Такой принцип методологического осмысления и упорядочения представлялся мне тем более важным, что предметом изучения психиатрии был человек. От всех прочих вещей в мире человек отличается тем, что он — как целое — точно так же не может стать предметом изучения какой‑то одной науки, как им не может стать весь мир в целом. При научном познании человека познается лишь нечто в его проявлениях, но не он сам. Если кажется, что достигнуто познание человека в его тотальности, — это иллюзия, возникшая вследствие того, что один из способов рассмотрения превращен в единственный, один из методов возведен в степень универсального.

Стремление делать осознанным способ научного познавания, осознать каждый из методов во всей его особости освобождает человека из плена иллюзий, будто бы он способен постичь себя в общем и целом, тотально. Избавление врача от такой иллюзии позволяет ему сохранить гуманизм, потому что не утрачивается понимание того, насколько бесконечен, неисчерпаем каждый человек в отдельности. Только и исключительно благодаря этому сохраняется столь необходимое для врача — гуманиста трепетное отношение к каждому человеку, благоговение перед ним, даже если он — душевнобольной. Надо было спасти для врача и ученого — исследователя человека — как человека уникального, неповторимого, индивидуального. Ни при каких условиях не может быть позволительным составление с помощью средств науки некой «калькуляции» человека. Каждый больной человек — как и любой человек — неисчерпаем. Компетентность науки никогда не простирается столь далеко, чтобы пропало, по меньшей мере, неясное чувство неисчерпаемости личности, во всей ее таинственности и загадочности — пусть даже эта личность выступает только как возможность, пусть даже от нее остались лишь чудесные, удивительные отсветы.
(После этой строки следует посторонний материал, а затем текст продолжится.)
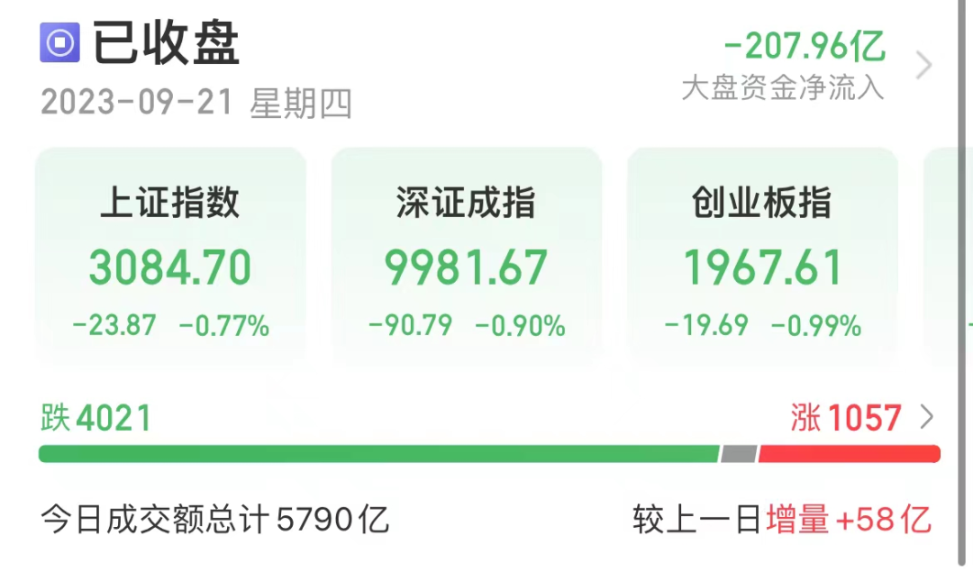 9月21日,上证指数下跌0.77%,最新指数跌破3100点整数关口;深证成指创业板指分别下跌0.9%、0.99%。A股全天成交近5800亿元,连续2日成交额低于6000亿元。盘面上,超过4000股飘绿,水产品、种业、减肥药、猪肉、一体压铸等题材跌幅居前。

Книга, задуманная таким образом, могла, разумеется, стать неожиданностью, поразить в первом издании, но в ней неизбежны были недостатки. В последующих изданиях я сделал структуру книги более утонченной и заостренной, попытался охватить больший круг фактов. На протяжении десятилетий работа над этой книгой оставалась одним из важнейших дел моей жизни. После ее выхода я не проводил собственных психологических исследований, поскольку видел перед собой множество новых задач и жил вдали от клиники. Я только написал несколько патографий (в 1920 году— патографии Стриндберга и Ван Гога, в сопоставлении с патографиями фон Сведенборга и Гельдерлина, а в 1936 году — соответствующую главу о болезни в моей работе «Ницше»).
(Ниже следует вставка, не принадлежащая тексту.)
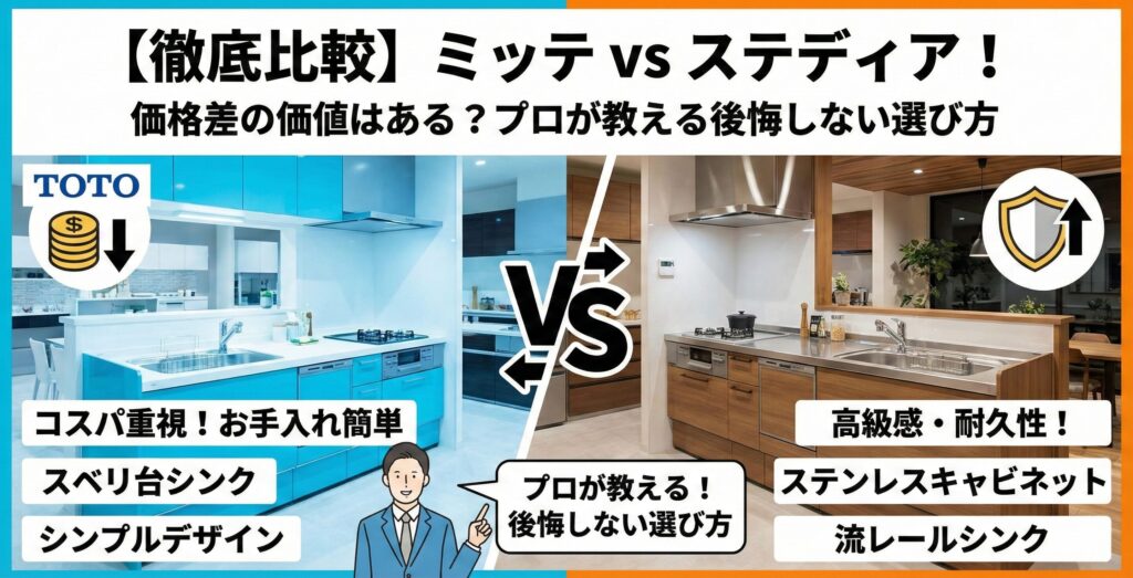 「キッチンのリフォームで迷っています。TOTOのミッテと、クリナップのステディア、どちらが良いでしょうか?」 これは、リフォームの現場で非常に多く聞かれる質問です。 しかし、プロから見るとこの2つは「全く異なる土俵の戦い」です。 TOTO「ミッテ (m... -

Когда я работал над книгой, коллеги с самого начала высказали множество критических замечаний — как дружеских, так и враждебных, и те и другие пошли на пользу.

Самая острая критика исходила от Груле. Он, казалось, не принимал совершенно ничего из того, что я докладывал на врачебных собраниях. От его замечаний я приходил в немалое возбуждение. Они подхлестывали меня.

На одном из врачебных собраний я сделал сообщение, в котором предложил вниманию коллег план небольшой работы, посвященной феноменологическому направлению исследований в психиатрии. Это был мой замысел. Груле, казалось, не оставил от него и камня на камне. После этого я, уверенный в правильности избранного пути, всего за несколько дней написал статью, где изложил все более ясно, и предложил прочесть рукопись Груле. Тот, к моему удивлению и радости, одобрил ее содержание.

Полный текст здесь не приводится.